# Layout auto-leveling method



## OilValleyRy (Oct 3, 2021)

This method will work for free standing (legged) layouts. If your layout is supported by wall brackets it is unlikely to be helpful.

Full disclosure; I got this solution from years of having aquariums with uneven floors, and consequently uneven water surfaces in the tanks. This cheap, clever idea solved that.

Once you have a section of benchwork assembled and your level says “uh oh;” simply cut a piece of 1inch thick styrofoam or extruded foam that is a bit larger than the leg foot print. Cut one for each leg. 
Slipping these under the legs will cause each leg to crush its form into the foam, but not go all the way down. Denser extruded foam provides more resistance, which is BAD in this case. I prefer the standard shipping type but typically use woodland scenics scenery boards.

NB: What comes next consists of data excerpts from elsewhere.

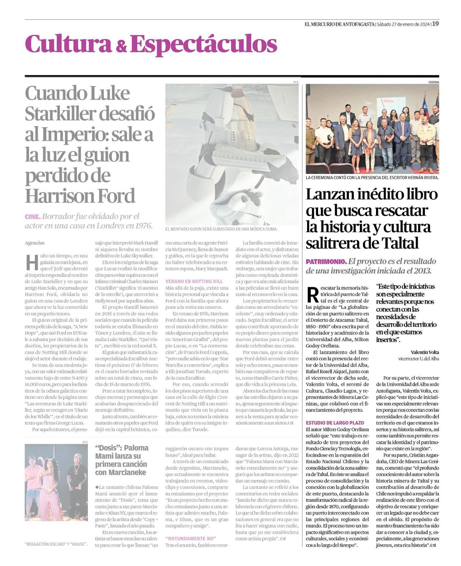 La presentación oficial del libro tuvo lugar el viernes 26 de enero en el Auditorio de El Mercurio de Antofagasta, siendo un evento que congregó a destacadas personalidades. Christian Lagos, Superintendente de Administración de Faena Taltal, representó a Minera Las Cenizas en este acto que busca destacar y promover la cultura y la historia local.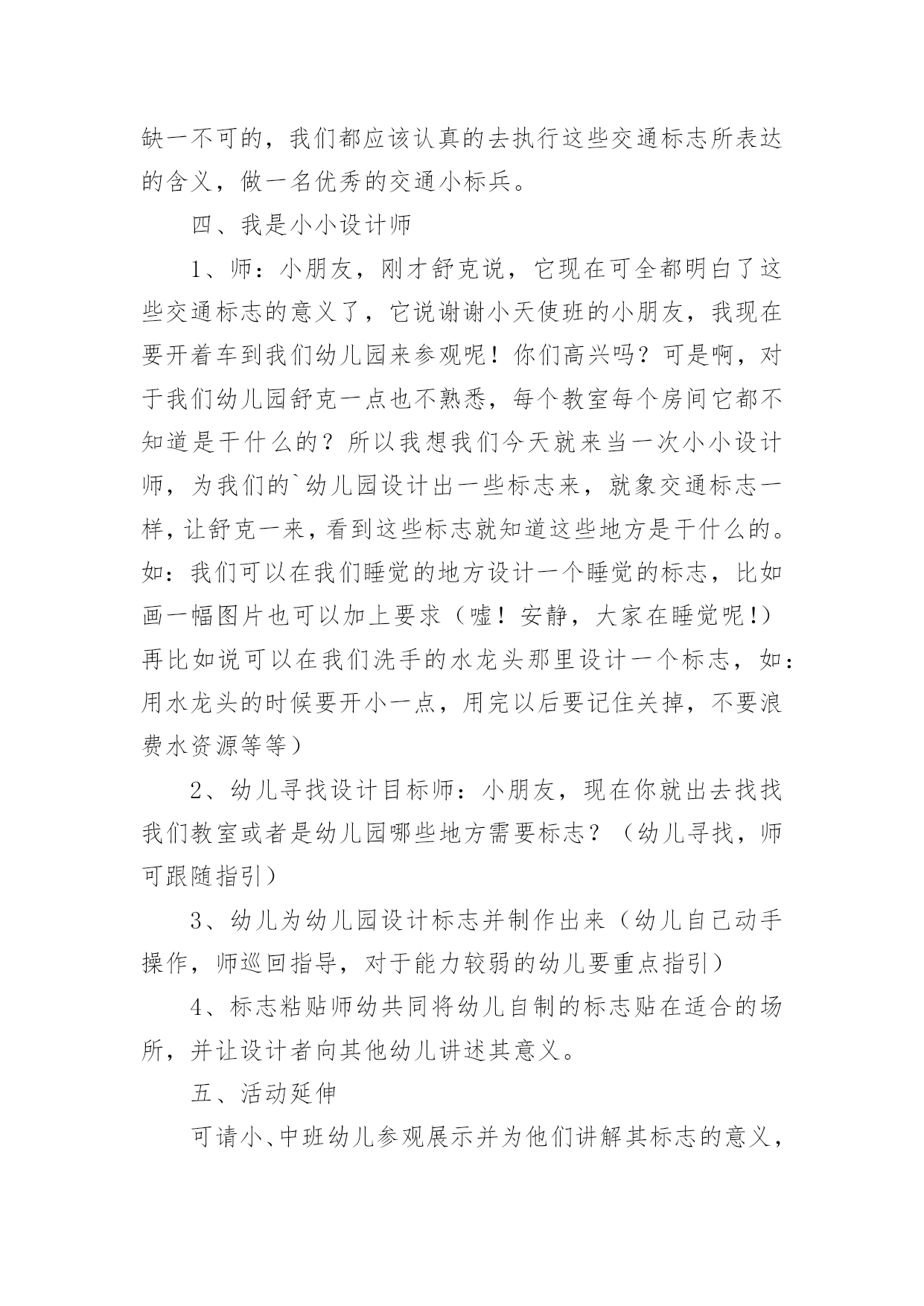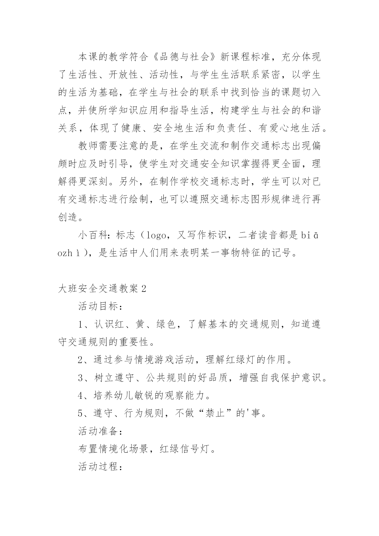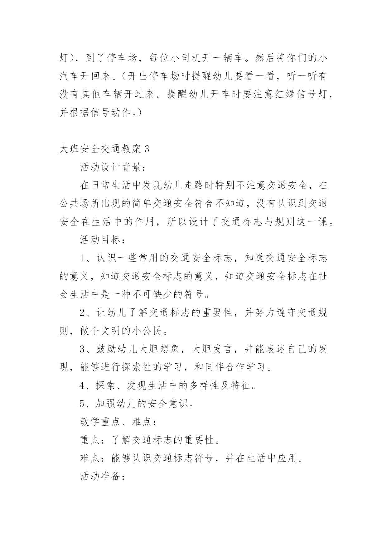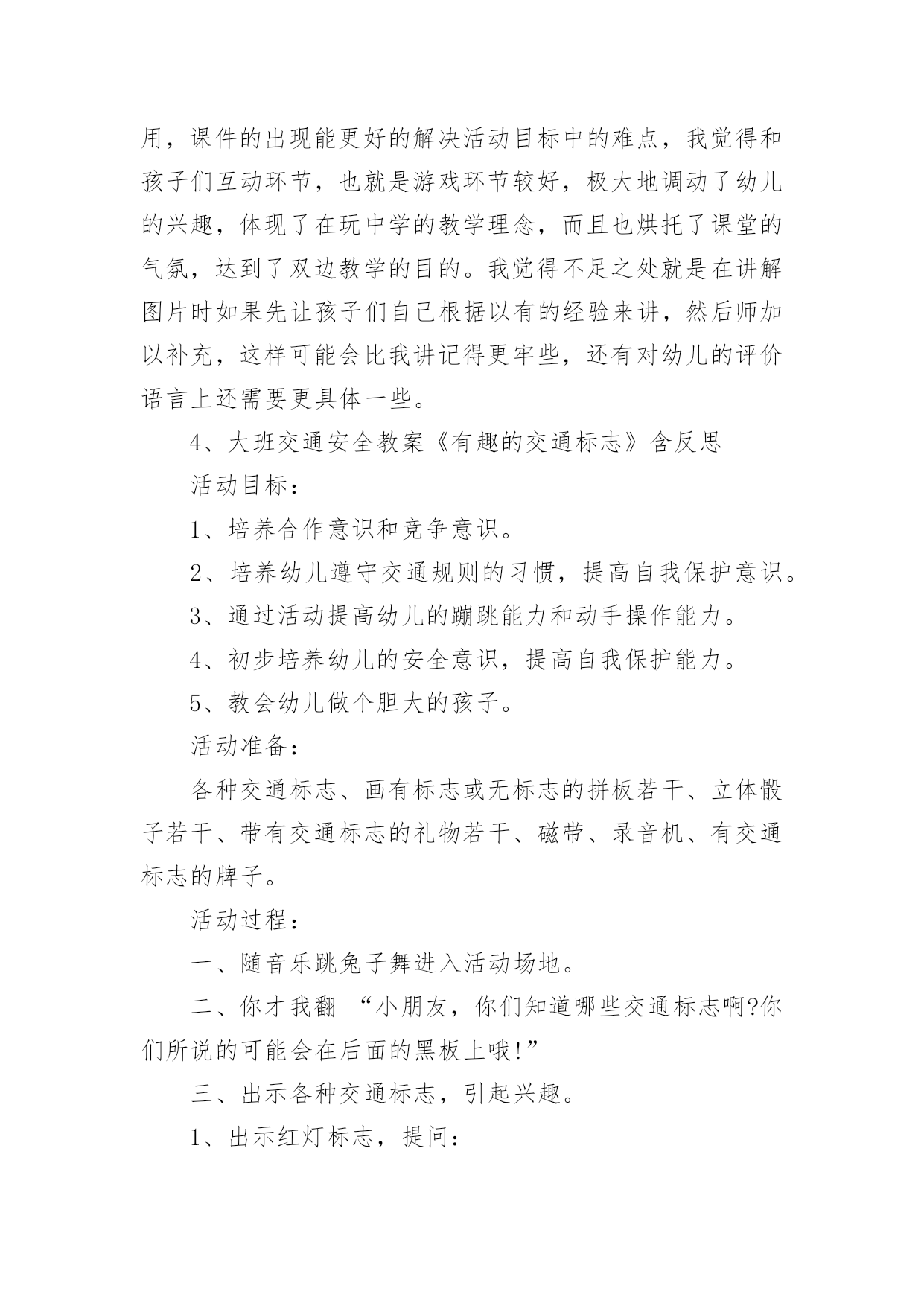 大班安全交通教案在教学工作者实际的教学活动中,时常需要编写教案,教案是教学活动的依据,有着重要的地位。那要怎么写好教案呢?下面是小编帮大家整理的大班安全交通教案,欢迎大家分享。大班安全交通教案1活动目标:1、认识常见的交通标志,知道标志是社会生活环境中不可缺少的一种符号;2、了解标志的作用和特征;3、培养幼儿的规则意识,激发幼儿对交通标志的兴趣。4、培养幼儿自我保护能力。5、增强安全意识,克制自己的好奇心,不去危险的地方玩耍。活动准备:1、准备各种交通标志图片、书籍若干。2、准备自制标志所需要的各种材料。3、小老鼠布偶一个活动过程:一、故事导入:师:小朋友,今天早上有个小动物委托我们帮他一个忙。到底是谁呢?它又遇到了什么困难呢?我们快一起来看看吧!(师出示布偶表演情景戏)师:前几天小老鼠舒克新买了一辆小汽车,这不今天早上它就开着它的小车来我们威海游玩,但是一进城,它发现我们的马路上到处有着很多它不认识的标志,这些标志它从来没有看见过,也不知道是什么意思,所以它不敢开车进城,只好来请教我们小朋友了!二、认识交通标志师:瞧!小老鼠舒克把这些交通标志都给画了下来,我们快一起来看看它们都代表着什么意思吧!(师出示各种交通标志的图片,请幼儿自由发表自己的意见,试着说出这些分别是什么标志,分别代表着什么意思)师:刚才小朋友都说出这些标志的意义,那到底说的对不对呢?慕老师来告诉你吧!(师详细讲解每个交通标志的名称及意义)游戏--我指你说:(教师可指出标志图片,让幼儿说出标志名称及含义,以让幼儿巩固复习)三、交通标志作用大师:现在我们都知道了很多交通工具的意义,那小朋友你们想象一下,如果我们生活中没有了这些交通标志,那会变成什么样子呢?(幼儿自由想象回答)师小结:交通标志在我们的生活中起着重要的作用,如果没有了交通标志,那马路上的车就会随意乱行,没有规则,互不谦让,很容易引起车祸;如果没有交通标志人们就不知道什么是停车场,那车辆就会随意停放,这对我们的行走和生活都会造成很大的影响;如果没有了交通工具,上班的时候马路就会混乱,这样会影响人们的工作的等等,所以我们可以看出交通标志是社会生活环境中不可缺少的一种符号;是缺一不可的,我们都应该认真的去执行这些交通标志所表达的含义,做一名优秀的交通小标兵。四、我是小小设计师1、师:小朋友,刚才舒克说,它现在可全都明白了这些交通标志的意义了,它说谢谢小天使班的小朋友,我现在要开着车到我们幼儿园来参观呢!你们高兴吗?可是啊,对于我们幼儿园舒克一点也不熟悉,每个教室每个房间它都不知道是干什么的?所以我想我们今天就来当一次小小设计师,为我们的`幼儿园设计出一些标志来,就象交通标志一样,让舒克一来,看到这些标志就知道这些地方是干什么的。如:我们可以在我们睡觉的地方设计一个睡觉的标志,比如画一幅图片也可以加上要求(嘘!安静,大家在睡觉呢!)再比如说可以在我们洗手的水龙头那里设计一个标志,如:用水龙头的时候要开小一点,用完以后要记住关掉,不要浪费水资源等等)2、幼儿寻找设计目标师:小朋友,现在你就出去找找我们教室或者是幼儿园哪些地方需要标志?(幼儿寻找,师可跟随指引)3、幼儿为幼儿园设计标志并制作出来(幼儿自己动手操作,师巡回指导,对于能力较弱的幼儿要重点指引)4、标志粘贴师幼共同将幼儿自制的标志贴在适合的场所,并让设计者向其他幼儿讲述其意义。五、活动延伸可请小、中班幼儿参观展示并为他们讲解其标志的意义,也可放学后让幼儿带领自己的父母去参观设计的标志。活动反思:我在教《认识交通标志》一课时,充分利用三年级学生好动、爱说的特点,从说入手,鼓励学生以自己的语言说出他们所观察、感受到的有关交通安全的情况,引导学生认识交通事故的严重危害,体验交通规则的重要性;通过交流讨论常见的交通标志,使学生树立安全意识,从而自觉遵守交通规则;在操作中了解各类交通标志的特点,以便遇到不认识的交通标志也能冷静判断,自觉遵守;最后通过为学校制作交通标志,进一步强化安全意识,并培养学生的主人翁责任感。最有效的学习是学生对学习过程的体验,它能给予学生自主构建知识和体验情感的时空,激发学生灵动思维火花。本课课前让学生实地调查,深入社会和生活得到自身的体验与感悟。课堂上充分发挥教师的引导作用,引导学生从问题入手,由浅入深地交流学习有关交通标志的知识,发挥学生的主观能动性,自主探索,寻找问题答案,充分体现了“以学生为本”的原则。并在认识的过程中,注意让交通标志指导学生的行动,强化了交通安全和自我保护意识。在应用提高阶段,激发了学生的主人翁意识,锻炼了学生的创造能力,在操作中更加深了学生对交通标志的理解和认识,内化了交通安全意识,将课堂知识学习与生活实际应用结合起来,这正是我们的教改方向。拓展延伸部分增强了学生的家庭责任感和社会责任感。本课的教学符合《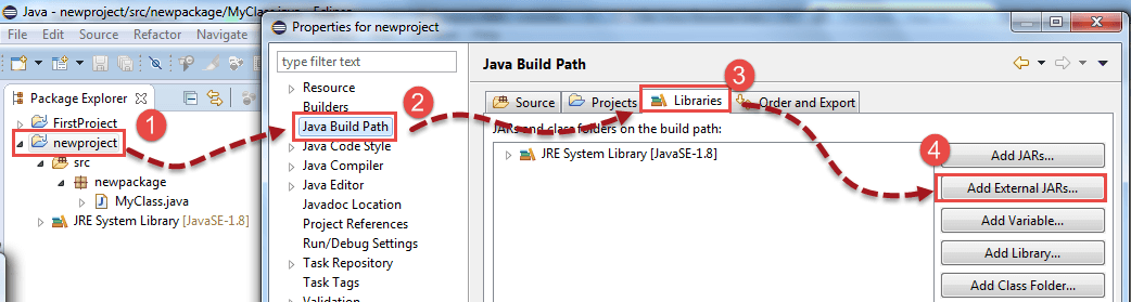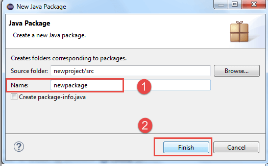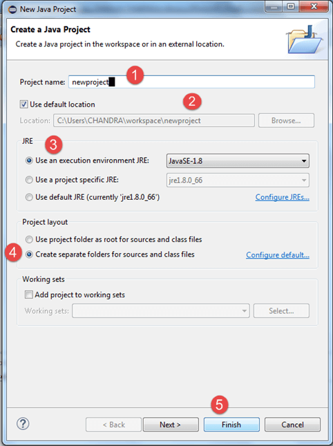 3. Create a new project through File > New > Java Project. Name the project as "newproject".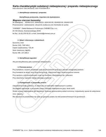 Karta charakterystyki substancji niebezpiecznej i preparatu niebezpiecznego Data utworzenia / data aktualizacji: 2003-10-05/2006-08-21 1. Identyfikacja substancji / preparatu Identyfikacja producenta, importera lub dystrybutora Magnezu siarczan bezwodny Nr katalogowy: 3504001233; 3504030233; 3504100155; 3504500155; 3504001255 Przeznaczenie / zastosowanie: odczynnik analityczny lub chemikalia do syntez. "CHEMED" Zakład Badawczo Produkcyjny CHEMED Sp.z o.o. 44-100 Gliwice, Kochanowskiego 29/30 tel./fax:; (0-32) 230-52-20 e-mail: [email protected] 2. Skład i informacja o składnikach Synonimy: brak Numer CAS: 7487-88-9 Ciężar cząsteczkowy: 120,36 Wzór chemiczny: MgSO4 Numer WE: 231-289-2 3. Identyfikacja zagrożeń Nie jest klasyfikowany jako substancja niebezpieczna. 4. Pierwsza pomoc Przy kontakcie z oczami: przepłukać oczy dużymi ilościami wody przy szeroko odciągniętej powiece. Przy kontakcie ze skórą: zmyć dużą ilością wody, natychmiast zdjąć zanieczyszczone ubranie. Przy spożyciu: jeśli poszkodowany czuje się niezdrowo skontaktować się z lekarzem. Przy wdychaniu: zapewnić dostęp świeżego powietrza. 5. Postępowanie w przypadku pożaru Odpowiednie środki gaśnicze: w zależności od materiałów składowanych w pobliżu. Szczególne zagrożenia: w przypadku pożaru powstają niebezpieczne gazy: tlenki siarki. Środki ochrony indywidualnej dla strażaków: Stosować gazoszczelną odzież ochronną i indywidualny aparat do oddychania. Inne: niepalny. Nie dopuścić do przedostania się wody po gaszeniu pożaru do wód powierzchniowych lub gruntowych. "CHEMED" Sp. z o.o . Karta charakterystyki substancji niebezpiecznej i preparatu niebezpiecznego 1/4 Magnezu siarczan bezwodny 6. Postępowanie w przypadku niezamierzonego uwolnienia do środowiska Zebrać na sucho, przekazać do likwidacji. Oczyścić zanieczyszczony teren (zmyć wodą). Nie dopuścić do dostania się do wód, ścieków i gleby. Unikać pylenia. Nie wdychać pyłów. 7. Postępowanie z substancją / preparatem i jej / jego magazynowanie Obchodzenie się z substancją: Zapewnić skuteczną wymianę powietrza (wentylacja). Postępować zgodnie z zasadami dobrej praktyki przemysłowej oraz ogólnymi zasadami bezpieczeństwa i higieny pracy z substancjami chemicznymi. Stosować środki ochrony osobistej zgodnie z pkt.8. Nie opróżniać do kanalizacji. Magazynowanie: szczelne opakowania, suche pomieszczenie. 8. Kontrola narażenia i środki ochrony indywidualnej Parametry kontroli (NDS, NDSCh, NDSP): nie ustalone Stosować odpowiednią wentylację wywiewną, miejscową i ogólną zapewniającą utrzymanie stężenia produktu w powietrzu poniżej określonych limitów (minimum 10-krotna wymiana powietrza na godzinę). Zaleca się wyposażenie miejsca pracy w wodny natrysk do płukania oczu oraz prysznic. Środki ochrony indywidualnej powinny być tak zaprojektowane i wykonane aby wykluczały zagrożenie i inne niedogodności w przewidywanych warunkach użytkowania, chroniące przed chemikaliami. Dz. U. nr 217, Rozporządzenie z dnia 29 listopada 2002 (poz. 1833); Dz. U. nr 80, Rozporządzenie z dnia 31 marca 2003 (poz. 725), Dz. U. nr212(poz. 1769), Rozporządzenie Ministra Gospodarki i Pracy z dnia 10 października 2005 Środki ochrony indywidualnej: ochrona dróg oddechowych: niekonieczna ochrona oczu: konieczna - okulary ochronne typu gogle ochrona rąk: niekonieczna ochrona ciała: niekonieczna środki ochronne i higieny: wymyć ręce po pracy z tą substancją. 9. Własności fizykochemiczne Forma: ciało stałe lepkość dynamiczna: Kolor: biały lepkość kinematyczna: Zapach: bez zapachu Ciśnienie par: brak danych pH: około 7,9 ( 50 g/l H2O, 20 °C) Gęstość: 2,66 g/cm3 (20°C) Temperatura topnienia: 1124°C Ciężar nasypowy: około 600 kg/m3 Temperatura wrzenia: brak danych Rozpuszczalność: Temperatura samozapłonu: nie dotyczy w wodzie: 269 g/l (20°C) Temperatura zapłonu: nie dotyczy w rozpuszczalnikach organicznych: brak danych Granice wybuchowości: nie dotyczy log P(w/o): dolna: górna: "CHEMED" Sp. z o.o . Karta charakterystyki substancji niebezpiecznej i preparatu niebezpiecznego 2/4 Magnezu siarczan bezwodny 10. Stabilność i reaktywność Warunki których należy unikać: brak. Materiały których należy unikać: brak. Niebezpieczne produkty rozkładu: brak. Następne dane: higroskopijny. 11. Informacje toksykologiczne Informacje toksykologiczne: LDL0 (doustnie, myszy): 500 mg/kg. Pozostałe dane: nie jest toksyczny nawet w dużych ilościach. 12. Informacje ekologiczne Ogólnie dla siarczanów – toksyczność ryby: od 7g/l. Przy ostrożnym i fachowym posługiwaniu się substancją, nie powinny wystąpić problemy ekologiczne. 13. Postępowanie z odpadami ZBP CHEMED przyjmuje do likwidacji substancje i opakowania po tych substancjach zakupione w ZBP CHEMED. Utylizacją odpadów powinny zająć się wyspecjalizowane firmy. Opakowanie jednorazowego ubytku traktować jak odpad i przekazać odbiorcy odpadów. Sposób likwidacji zebranych odpadów uzgodnić z właściwym terenowo wydziałem ochrony środowiska. Ustawy z dnia 27.04.2001 (Dz. U. nr 62, poz. 628), z dnia 11.05.2001 (Dz. U. nr 63 poz. 638)z poźn. zm. Rozporządzenie z dnia 27.09.2001 (Dz. U. nr 112, poz. 1206) 14. Informacje o transporcie Klasa ADR i grupa pakowania: nie jest przedmiotem przepisów transportowych Numer UN: nie dotyczy Nazwa materiału (wg UN): nie dotyczy "CHEMED" Sp. z o.o . Karta charakterystyki substancji niebezpiecznej i preparatu niebezpiecznego 3/4 Magnezu siarczan bezwodny 15. Informacje dotyczące przepisów prawnych Symbol i oznaczenie zagrożenia produktu: nie dotyczy. R: nie dotyczy. S: nie dotyczy. Oznakowanie WE. Dz. U. nr 171, Rozporządzenie z dnia 2 września 2003 (poz. 1666), Dz. U. nr 169, Obwieszczenie z dnia 28 sierpnia 2003 (poz. 1650), Dz. U. nr 173, Rozporządzenie z dnia 2 września 2003 (poz. 1679), Dz. U. nr 168, Rozporządzenie z dnia 5 lipca 2004 (poz. 1762), Dz. U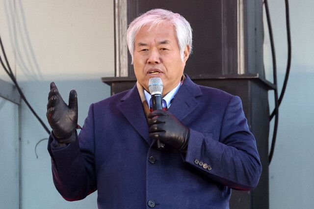 지난 2월20일 오후 서울 종로구 헌법재판소 대심판정에서 열려 인근에서 탄핵 반대 단체의 집회가 열린 가운데 전광훈 목사가 무대에서 발언하고 있다. 김영원 기자 forever@hani.co.kr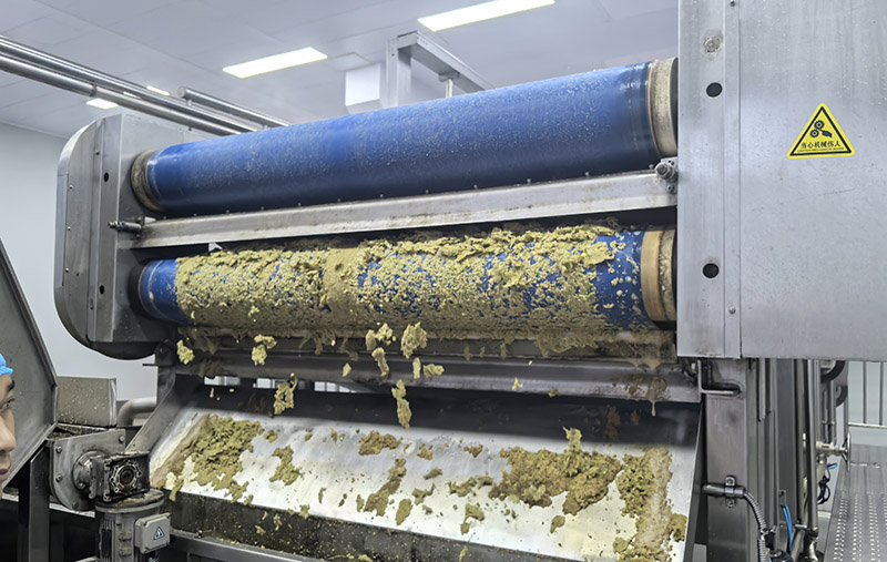 4、压榨和粗滤。常用压榨法和离心分离法榨汁。用孔径0.5毫米的筛网进行粗滤,使不溶性固形物含量下降到20%以下。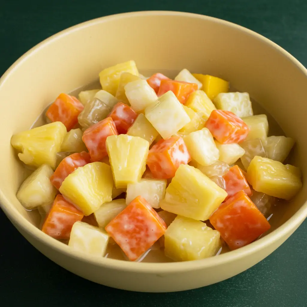 Uma salada de frutas refrescante e deliciosa, perfeita para um dia quente! A combinação de frutas em calda com leite condensado e creme de leite cria uma textura cremosa irresistível. Ideal para sobremesas ou como acompanhamento.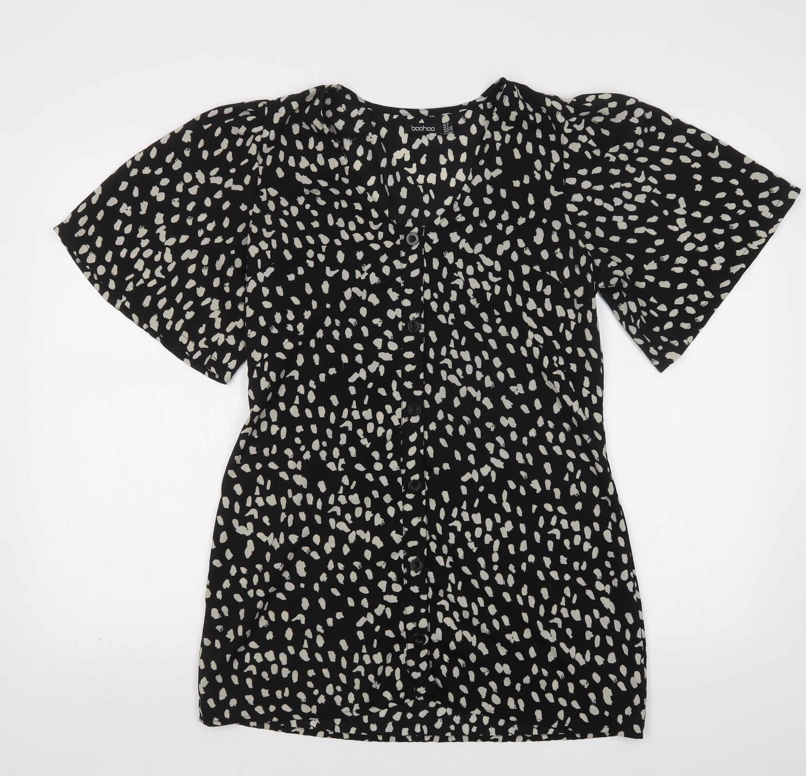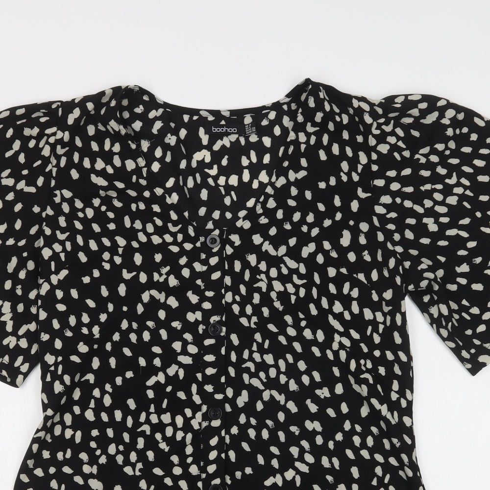 Boohoo Womens Black Animal Print Polyester Basic Blouse Size 10 Scoop Neck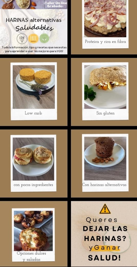 (Te enseñamos a cocinar con harinas de coco, lino, quinoa, algarroba, maní, almendras, sésamo; sarraceno, etc) y con las mejores opciones para endulzar!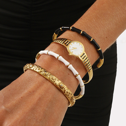 Women's Design Embossed Star and Moon Pattern Open Adjustable Bracelet Elegant Stainless Steel Bamboo Joint Watch Shape Bracelet

Whichever the case, these cushion the weight and allow the benchwork to sit level no matter which direction your floor is sloped (and all cement floors are sloped). 1 size fits all is also much easier than having to determine the thickness needed for a wooden shim here & there & over yonder also.
It is advisable to do this during layout construction. Retrofitting is possible, but can be dicey in terms of scenery disruption.


----------



## MichaelE (Mar 7, 2018)

How do you determine the thickness of foam you will need considering the weight of the table leg, the slope of the floor, and the compressibility of the foam?

I've never heard of self-leveling foam or any other material.


----------



## Patrick1544 (Apr 27, 2013)

What happens when you're leaning on the bench work while building your railroad and it sinks further into the foam?


----------



## CTValleyRR (Jul 26, 2014)

I'm reminded of what Malcolm Forbes said: for every complex problem, there is a solution that is simple, neat, and wrong.

It's cheap, I'll grant you. It's pretty simple, yes. But there are just so many ways that it can get knocked out of which and ruin your level that I'd only do it as a last resort. Leveling feet are kind of pricey, but they're easy to install and once adjusted, they stay where you put them.


----------